We are bearing the brunt of a crisis of the
capitalist, racist and patriarchal system that, in order to sustain itself,
imposes brutal “austerity measures” that force us and our peoples to pay for a
crisis that we didn’t provoke: social service budget cuts, salary and pension
reductions, the promotion of war and the increased commodification of all
spheres of life. We women pay the highest price: we are the first to be made
redundant and, as well as our regular domestic tasks, we have to take on
responsibilities that were previously covered by social services. These
measures carry the weight of patriarchal, capitalist, racist ideology, and thus
support policies that encourage women to return to the home, and that stimulate
the advance of prostitution, the sale of women, and the increase of violence
against women, trafficking and migration.

We denounce the continued imposition of free trade
agreements that attempt to transform common goods such as health, education and
water in merchandise, and create markets for the exploitation of cheap labour
in countries of the global south. We reject the consumer culture that
impoverishes communities, creating dependency and exterminating local
production.

We stand in solidarity with the women struggling
in Europe – especially in Greece, but also in Portugal, Galicia, the Spanish
State, Italy and Macedonia – who are organising themselves to resist the
neoliberal, reactionary offensive promoted by financial and political
institutions, and by their own governments, in the service of transnational
corporations and their interests. We also stand in solidarity with the women of
the global south who confront famine, impoverishment, slavery and violence, but
who continue to construct their resistance.

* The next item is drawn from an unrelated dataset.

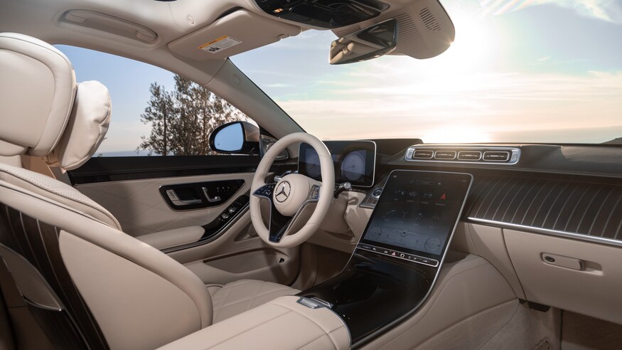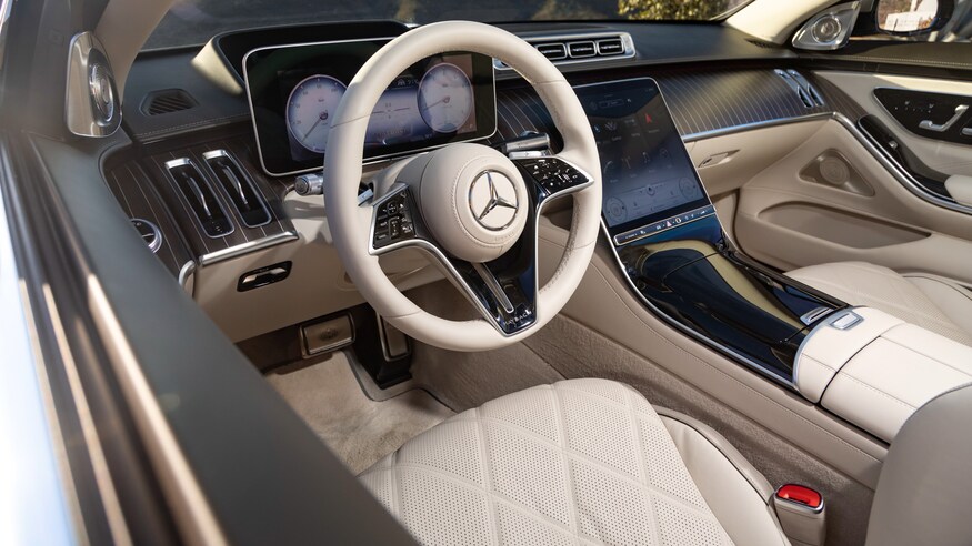 Không dễ để cải thiện nội thất của S-Class mới, nhưng Maybach đã làm được điều đó. Lấy cảm hứng từ du thuyền sang trọng và máy bay phản lực tư nhân, Maybach S 580 pha trộn sự sang trọng cổ điển với công nghệ mới nhất. Có sẵn với năm chỗ ngồi hoặc tùy chọn bố trí bốn chỗ, Maybach mới có màn hình, nội thất da, gỗ hoặc nhôm — hoặc kết hợp — bao phủ gần như mọi bề mặt. Trang trí bằng gỗ và nhôm được xếp theo chiều dọc mới trên bảng điều khiển, cửa ra vào và lưng ghế (cũng được thấy ở những chiếc S-Class thấp hơn), trông đặc biệt tinh tế với thiết kế mui xe chảy vào và xuyên qua cabin. Các chi tiết tinh xảo có ở khắp mọi nơi, từ loa Burmester hoàn thiện bằng nhôm gắn trên cửa sổ trời toàn cảnh đến các bàn đạp Maybach đặt riêng. Thậm chí còn có mùi hương đặc trưng của Maybach cho bộ khuếch tán trên xe.
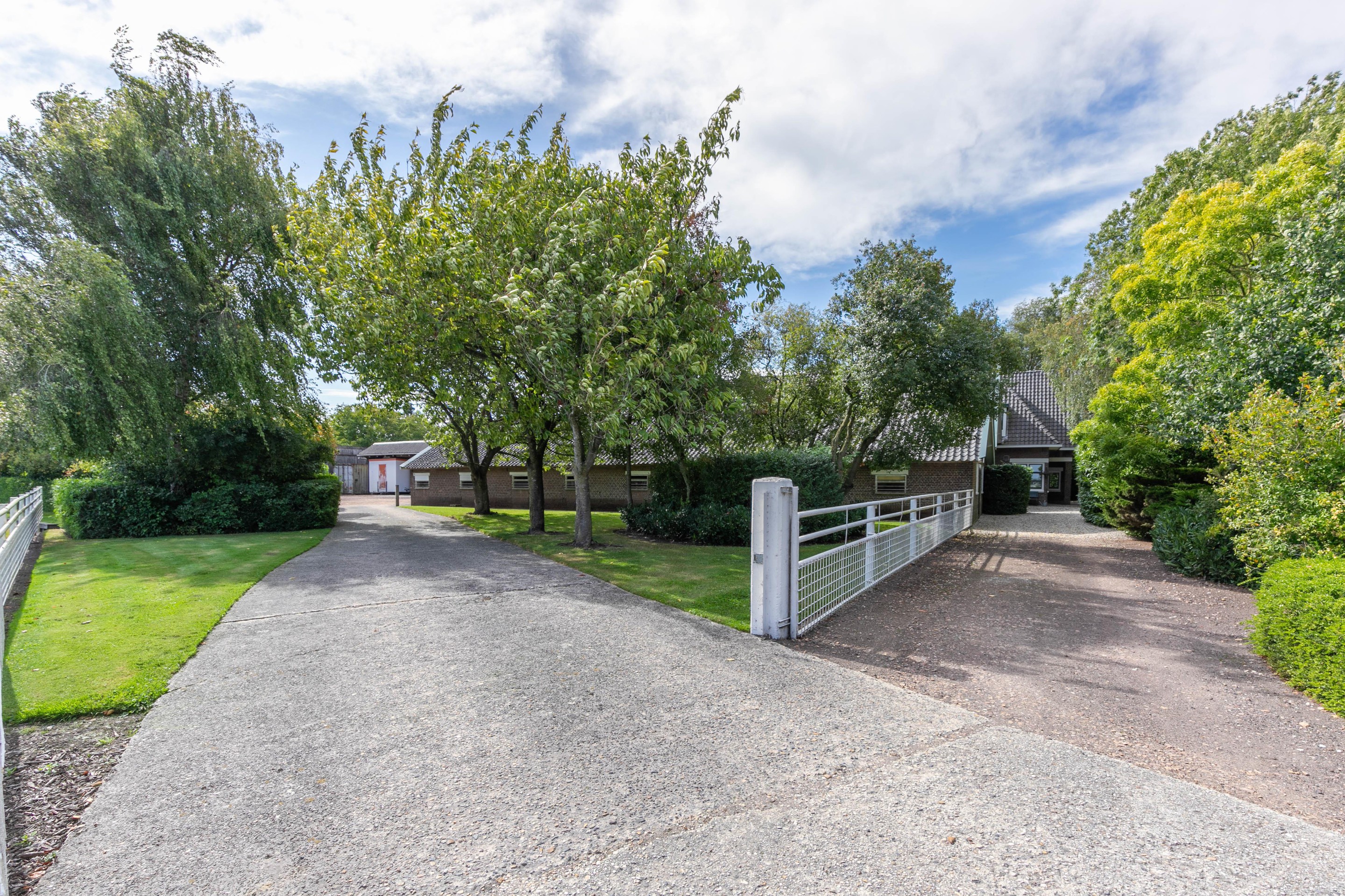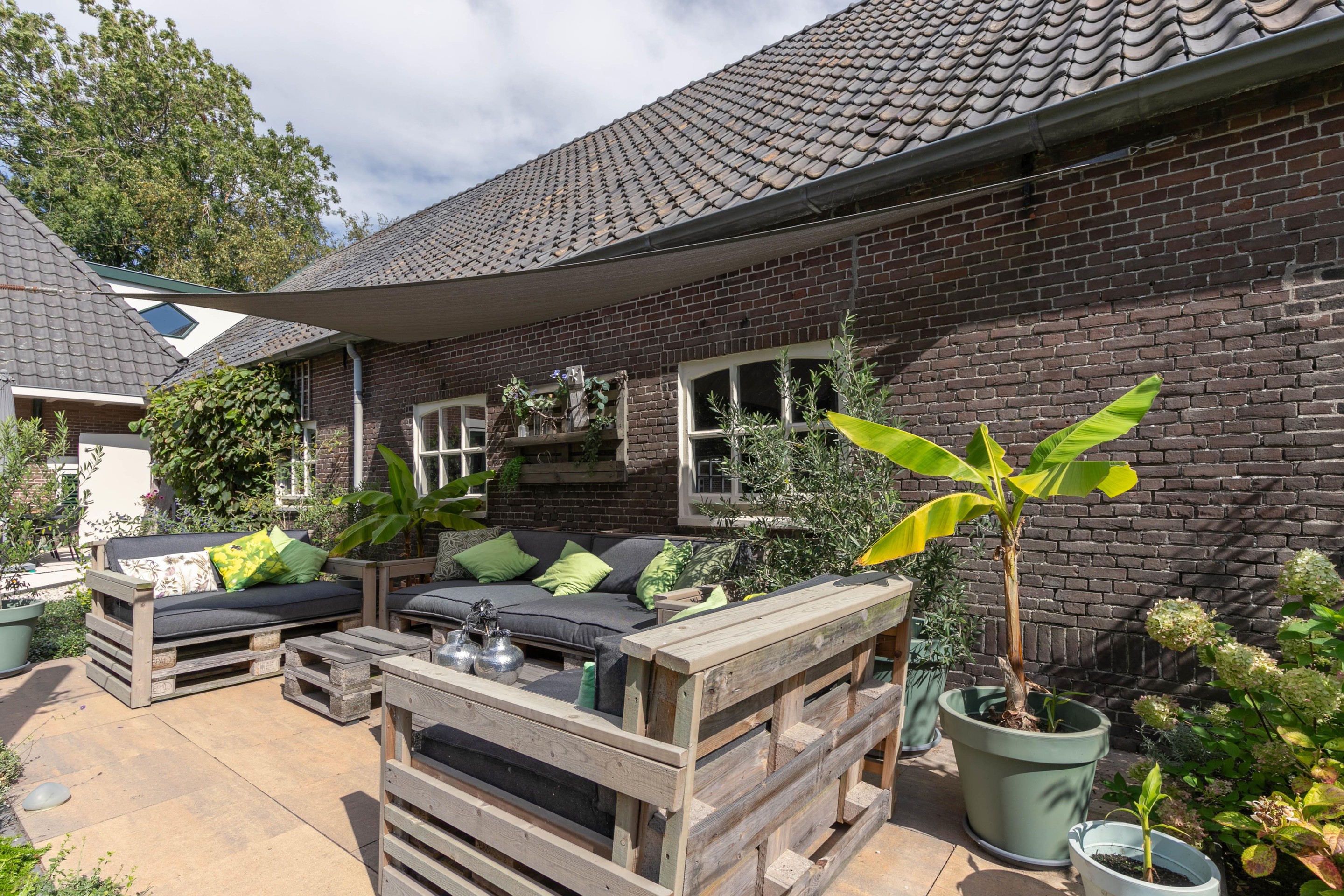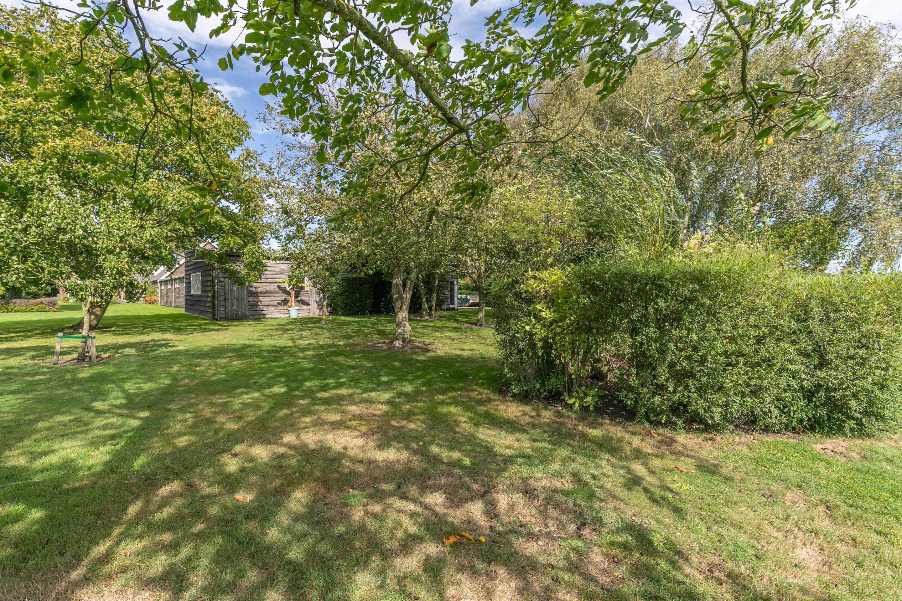 Tuin De tuin ligt rondom de opstallen en is grotendeels door een sloot (met beschoeiing) afgescheiden van de omliggende percelen. Vanaf de weg is er een oprit die enerzijds naar de woning loopt, anderzijds naar het deel met schuren aan de achterzijde. Achter op het perceel staan diverse fruitbomen. De tuin is netjes aangelegd en heerlijk rustig gelegen.

We denounce the advance of militarisation around
the world as a strategy to control our bodies, lives, movements and
territories, to strengthen neo-colonialism, and to guarantee a new round of
looting and appropriation of natural resources, as well as the continued
enrichment of the arms industry as a reaction to the crisis. We are fearful in
our affirmation of the threat of the return of societal values such as
militarisation and authoritarianism in diverse countries around the world, such
as: the Middle East, for example Tunisia, Libya and Egypt, where women and
people continue to struggle against all forms of fundamentalist dictatorship
and for real democracy; in Palestine where women struggle against colonialism
and Zionism; in various African countries – such as in Senegal where the
government uses the army’s strength to support electoral interests, or in Mali
where armed groups are terrorising the civil population in their struggle for
control of the northern region; in Honduras, Mexico, Guatemala and Colombia
where re-militarisation processes are underway; and in diverse countries in
Asia-Oceania where the presence of US military troops is being strengthened.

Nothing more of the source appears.